3. Distill — find the reusable procedure
Strip the one-off specifics; keep the repeatable shape. A good skill answers: "Next time someone needs to do X, what are the exact steps, files, commands, and gotchas?" Capture:
- the trigger / when-to-use,
- the step-by-step procedure (commands, file paths, decision points),
- the non-obvious gotchas that were hit — usually the most valuable part,
- any scripts or templates worth shipping alongside.
4. Author the SKILL.md
Refining an existing skill? First Read the current .claude/skills/<name>/SKILL.md, then update it in place — do not blindly overwrite:
- Keep what is still correct; weave the new learnings into the right sections.
- Dedupe — don't append a near-duplicate step or a second gotcha that says the same thing.
- Correct anything the new source proves stale (a changed path, command, or flag).
- Preserve the existing
name/folder and overall structure; the diff should read as a focused improvement, not a rewrite.
New skill? Write .claude/skills/<kebab-name>/SKILL.md.
Frontmatter (required):
---
name: <kebab-case, matches the folder>
description: "<what it does + when to use it + likely trigger phrases>"
---
description is what the agent reads to decide relevance — make it concrete and include the phrases a user would actually say.
Body: open with one paragraph on what the skill does, then a ## When to use section and a ## Workflow of numbered steps (the actual procedure). Use tables for command/file references, and add a short examples or troubleshooting section when the gotchas warrant it.
House authoring rules (from docs/skill-guidelines.md):
- Additive, minimal reach-ins — prefer adding files; make the smallest possible edit to existing code, and only via single-line calls into skill-owned functions.
- Instruction-only when possible — if Claude can do it by following prose plus existing tools, ship no code. These are the easiest skills to maintain and to merge.
- If apply leaves anything behind, ship a
REMOVE.md that fully reverses every change (no soft-disabled/commented-out removals).

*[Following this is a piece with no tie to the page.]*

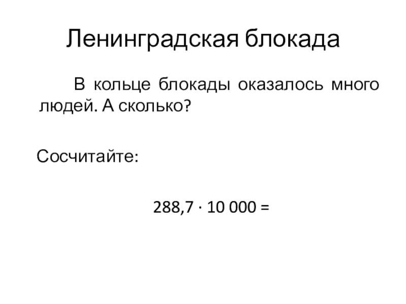 Ленинградская блокада    В кольце блокады оказалось много людей. А сколько?   Сосчитайте:   288,7

- If the skill adds an integration point in core code, add a test that goes red if the wiring is deleted or drifts.
- Anti-patterns to avoid: separate
VERIFY.md files, incomplete cleanup, raw SQL against core DBs, branch merges (use additive fetch), hand-maintained duplicate copies.
5. Place and verify
- Write into
.claude/skills/<name>/; confirm the folder name matches the name frontmatter and the YAML parses.
- If feasible, dry-run the procedure the skill describes to confirm it is correct.
- Tell the user the skill exists and how to invoke it (
/<name>).
Example
/learn what we just did after a multi-step setup:
- Re-read the conversation's commands and gotchas.
- Distill the repeatable procedure.
- Write
.claude/skills/<topic>-setup/SKILL.md with the steps, file paths, and the gotchas hit along the way.
- Report: "Created
/<topic>-setup — invoke it next time to repeat this."
Notes
- Keep skills focused — one capability per skill (mirrors the project's "one change per PR" rule).
- The most valuable content is the gotchas, not the happy path.
- This skill is prose and safe to re-run — use it again to refine an existing skill.